# Open Source Controller



## Gary B (Jun 2, 2011)

Hello Mr. Jack Bauer (nee) - I got your page through a query on the P & S controller on DIY. (Hope you don't mind.) - (A senior member who USES that controller board!) - Your first message (on your page) indicated an answer to my question. - You use it. You are happy with it (9months worth). - You changed from their MOSFETs to a single IGBT. - Bottom line: can I go ahead and trust the other specs of the power output design. (?) - Like pack capacitors, freewheel diodes, etc. True (?) - I also believe i will stay with their MOSFET driver and photo op isolation approach and devices. (Reasonable, yes?) - My front end (before that) is quite different (still PWM). But I'm not using a microcontroller (as they do). - I ask you directly because i don't know how to approach this on the DIY site. (?) - For a DIY site, I really wish P & S (Open Revolt) (Cougar, et all) got more attention. - I haven't bought parts yet. - Do you believe i really should go with an IGBT rather than MOSFETs? - I'm not heading for the race track. I need a basic 144 v 500 amp controller. - Am i getting there? - Very Best to you - AND, hope your vehicle is still running good. - Thought. I will see if your car is in the garage. - I tried personal msg with NO success. - Thanks. - Gary B.


----------



## jackbauer (Jan 12, 2008)

Well , I'm no expert on motor controllers by any means. I chose to use igbts in the power stage for a few reasons most based on past experience of fet failure modes. I have built a total of five controllers with igbts. My own liquid cooled controller has been running in the car the past 6 months and almost 10k miles now without problem.That is as much as I'm prepared to say as both devices have their advantages and disadvantages.


----------



## Gary B (Jun 2, 2011)

jackbauer said:


> Well , I'm no expert on motor controllers by any means. I chose to use igbts in the power stage for a few reasons most based on past experience of fet failure modes. I have built a total of five controllers with igbts. My own liquid cooled controller has been running in the car the past 6 months and almost 10k miles now without problem.That is as much as I'm prepared to say as both devices have their advantages and disadvantages.

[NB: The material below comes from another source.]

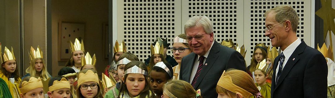 WIESBADEN/LIMBURG Am Mittwoch, 13. Januar 2016, machten sich Sternsinger aus der Pfarrei St. Jakobus Frankfurt auf den Weg zur Hessischen Staatskanzlei nach Wiesbaden, um dem Ministerpräsidenten den Segen "Christus mansionem benedicat - Christus segne dieses Haus" zu bringen. Organisiert hatte den Besuch der Bund der Deutschen Katholischen Jugend (BDKJ) in Hessen.
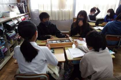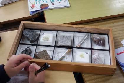 理科「土地のつくりと変化」の単元で、火山噴火によってできた地形について学習しました。火山から出てきた砂や土の見本を見ながら、その様子について話し合いました。

Thank you JB. - I DID look at your site and a few videos. - I will go back and review much more closely your liquid cooled controller. I believe (without your direct experience) that such cooling is critical (very important?) to successful controller operation (whatever power devices are used). - Did you change the driver, filter caps, or diodes from the Open Revolt design? - Having built FIVE of these things, you certainly have more experience and knowledge than i do. - (When i tried to send you a PM on this, i kept getting a "BB Font error" message and i couldn't send it.) - Really impressed with your work. - Thank you. - Gary B.


----------



## jyanof (Nov 11, 2008)

Gary, 

I've used the mosfet version of paul's controller for over a year now and approaching 10k miles. The one I have is actually Paul's second prototype. 

The mosfet configuration is actually very efficient and is adequately air cooled with a large heatsink and fan. I drive in the hot AZ summers and the controller has never gone into thermal cut-back mode (I typically cruise at about 200A but will hit the 500A limit on nearly every acceleration). 

joe

www.evalbum.com/2358


----------



## Gary B (Jun 2, 2011)

jyanof said:


> Gary,
> 
> I've used the mosfet version of paul's controller for over a year now and approaching 10k miles. The one I have is actually Paul's second prototype.
> 
> ...


Hello, Joe. - THANKS MUCH for your response. Greatly appreciated. - Also copied your garage page to study later. - Such success speaks for itself. - That is what i was looking for. You put it quite right. - I will get some details later. - I'm still designing and building mine. - Your comment about the fan driven heat sink was appropriately timed. - That's where I'm at. - Good on you! - Gary B.


----------